That speed comes at the expense of performance, as we've shown [2009,
unpublished] that -so 0 with -n > 1 tends to result in a better refinement due
to the ablility to explore more of alignment space.  The degree to which this
parameter is important depends, of course, on the nature of the MSA being
refined.  But in general, we recommend using -so 0 (random selection order) with
-n set to 3 or higher when possible.  By using the -nout parameter, you can
output each of the N refined alignments to compare, if desired.  

-lno > 1:  
the majority of time in bma_refiner is spent in re-computing the PSSM after each
individual sequence is realigned.  To make the program finish more quickly,
provide the option "-lno X", where X is an integer.  This requests an
approximate refinement that recomputes the PSSM after every X-th sequence.
However, if X is too large the benefits of refinement are rapidly lost.
Therefore, in practice make X < 20% of the total number of rows in your
alignment. 

-ex:  
this option directs the refiner to expand its search outside of the original
start/stop range, considering up to the specified number of residues beyond the
first and last aligned residues.  This assumes that the sequences to be refined
are not aligned over their full length; when this assumption holds, -ex 20 has
typically worked well, particularly in conjunction with -p 1.0.

-p:
We have found that to obtain a good refinement, loop lengths between
blocks cannot be allowed to grow without bound.  To that end, using the
parameters -p and -ex together provides a good compromise between rendering enough
of 'alignment space' accessible our algorithm while avoiding unrealistically
long loops being generated.  E.g., -p 1.25 constrains the unaligned regions
between two blocks during refinement to be no longer than 1.25 times the size of
the longest unaligned loop (L) between those two blocks in the input alignment.
Related parameters are -x and -c, and the maximum loop length between two blocks
during refinement is  min{ p*L + x, c}, where the default value of c = 0 means
an absolute loop length cutoff is not applied.  [Pre-existing loops exceeding the
limit, e.g., when p < 1, are permitted; they are *not* forced to be less than
the limit by the refinement.]



=============================
4)  fa2cd:  A FASTA -> CD file conversion utility:

This program will produce a blocked alignment that by default has all aligned
columns in the FASTA alignment.  The refinement algorithm's extension phase
alone will not have any effect in this case as every block is optimally
extended, unless the first block-shifting phase of refinement has made changes
to the alignment.  Run the converter as: 

fa2cd -i <input fasta file> 

The '-parseIds' flag will try and interpret the description line for each
sequence in terms of recognized sequence accession formats.  The '-ibm' flag
creates a CD whose alignment is the subset of columns from the input multiple
alignment that contain no gap characters. 

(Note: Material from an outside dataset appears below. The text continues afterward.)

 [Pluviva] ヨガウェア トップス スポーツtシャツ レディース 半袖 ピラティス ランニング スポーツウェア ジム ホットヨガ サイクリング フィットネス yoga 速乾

An optional -t <value> argument instructs the converter to trim 'bad' columns
from the output alignment.  Here, <value> is the minumum median PSSM score of a
column in the output alignment (3 is often a good choice).

(Use the -h or -help flags to see all available options.)

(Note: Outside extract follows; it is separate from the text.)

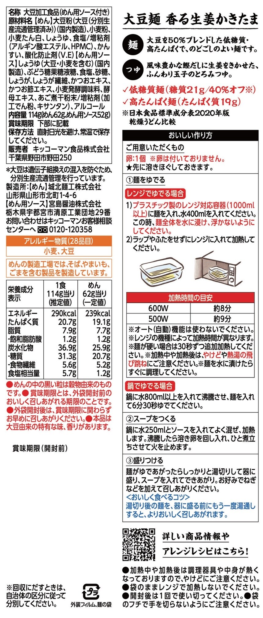 大豆を50%ブレンドした低糖質・高たんぱくでのどごしのよい麺に、満足感のある1食に仕上がるスープをセットにしました。

A few notes on FASTA file format:

a)  In general, input FASTA files are expected to follow the standard protein
FASTA file format (for example, http://www.ncbi.nlm.nih.gov/blast/fasta.shtml).
Further, it is important that each sequence input has a unique identifier to
avoid downstream errors.  By default, fa2cd assigns each sequence an integer as
its local accession.  With the '-parseIds' option you instruct fa2cd to use
information in your file to build sequence identifiers. 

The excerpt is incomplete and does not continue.